A Phase I Trial to Evaluate the Multiple-Dose Safety and Antitumor Activity of Ursolic Acid Liposomes in Subjects with Advanced Solid Tumors

Department of Lymphoma, Sino-US Center for Lymphoma and Leukemia, Tianjin Medical University Cancer Institute and Hospital, National Clinical Research Center of Cancer, Key Laboratory of Cancer Prevention and Therapy, Tiyuanbei, Huanhuxi Road, Hexi District, Tianjin 300060, China

Received 25 June 2014; Revised 9 October 2014; Accepted 12 October 2014

Academic Editor: Shiwu Zhang

Copyright © 2015 Zhengzi Qian et al.

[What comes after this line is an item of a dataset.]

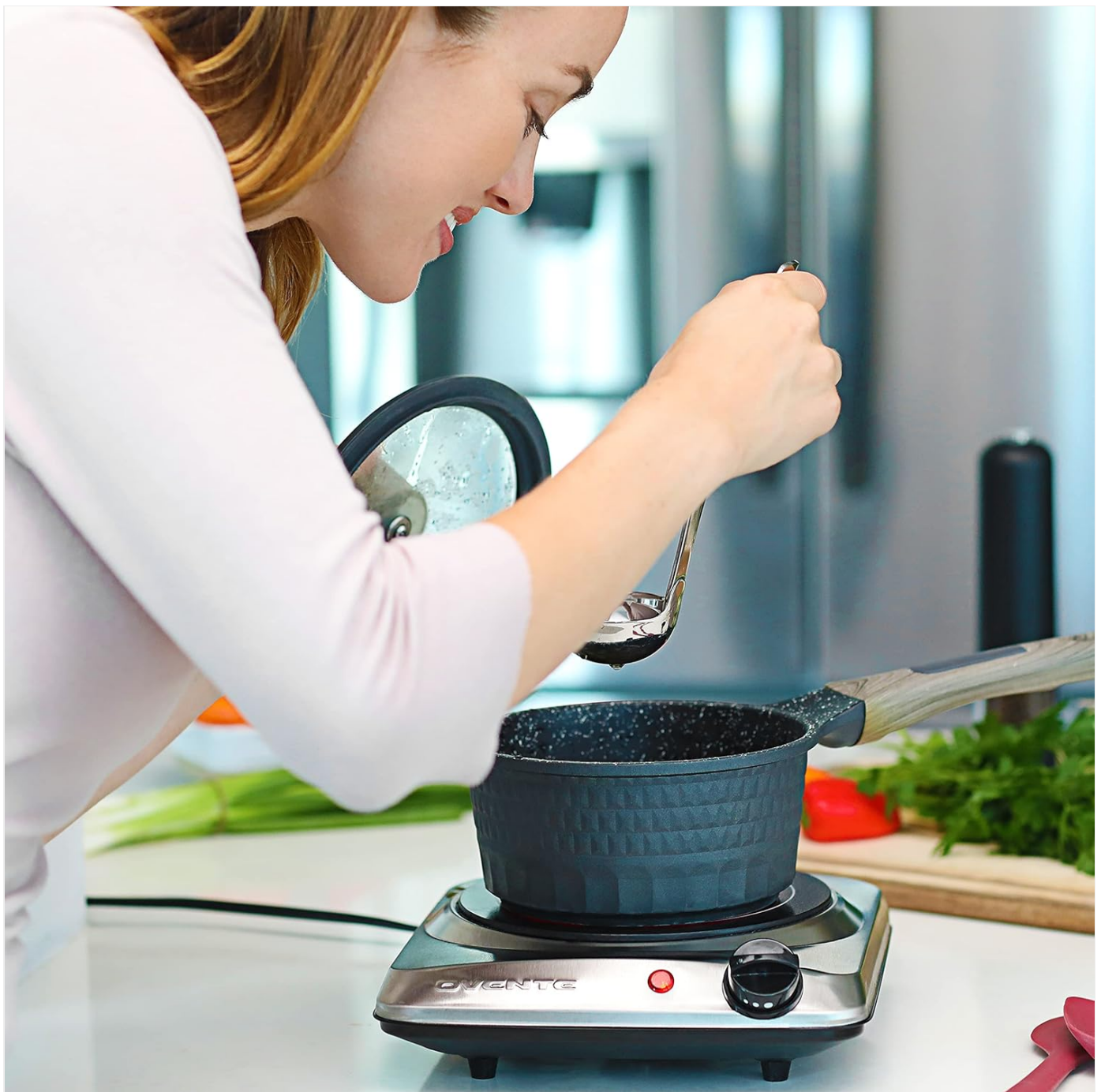
Image: A woman stirring contents in a pot placed on the OVENTE burner, illustrating its use for various cooking methods.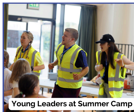
Young Leaders at Summer Camp

"I overcame my fear of being in front of a camera', 'I learnt that it was best to do a script because if you adlib it tends to go off track".

This is an open access article distributed under the Creative Commons Attribution License, which permits unrestricted use, distribution, and reproduction in any medium, provided the original work is properly cited.

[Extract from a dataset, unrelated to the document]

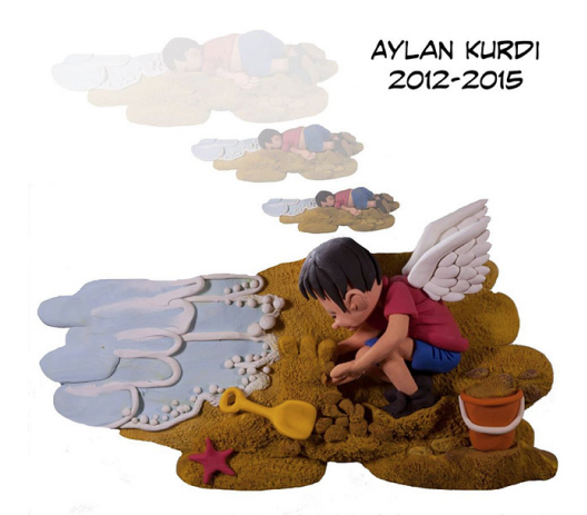
Fig. 17. Rhetoric of consolation: illustration by Edgar Humberto Alvarez

Ursolic acid liposome (UAL), a new antitumor drug, has potential therapeutic value. However, limited clinical data exists regarding multiple-dose safety, antitumor activity, and the recommended dose (RD) of UAL for subjects with advanced solid tumors. All subjects were intravenously administered UAL for 14 consecutive days of a 21-day treatment cycle. Twenty-one subjects were enrolled in 1 of 3 sequential cohorts (56, 74, and 98 mg/m2) to evaluate multiple-dose tolerability and efficacy. Eight additional subjects were treated with UAL (74 mg/m2) to evaluate multiple-dose pharmacokinetics. No ≥grade 3 adverse events (NCI-CTC) were observed. Sixty percent subjects achieved stable disease after 2 treatment cycles. Multiple-dose pharmacokinetic analysis suggested UAL does not accumulate in the body. This trial demonstrates that UAL was tolerable, had manageable toxicity, and could potentially improve patient remission rates. A large phase II study is recommended to confirm these results (i.e., RD of 98 mg/m2).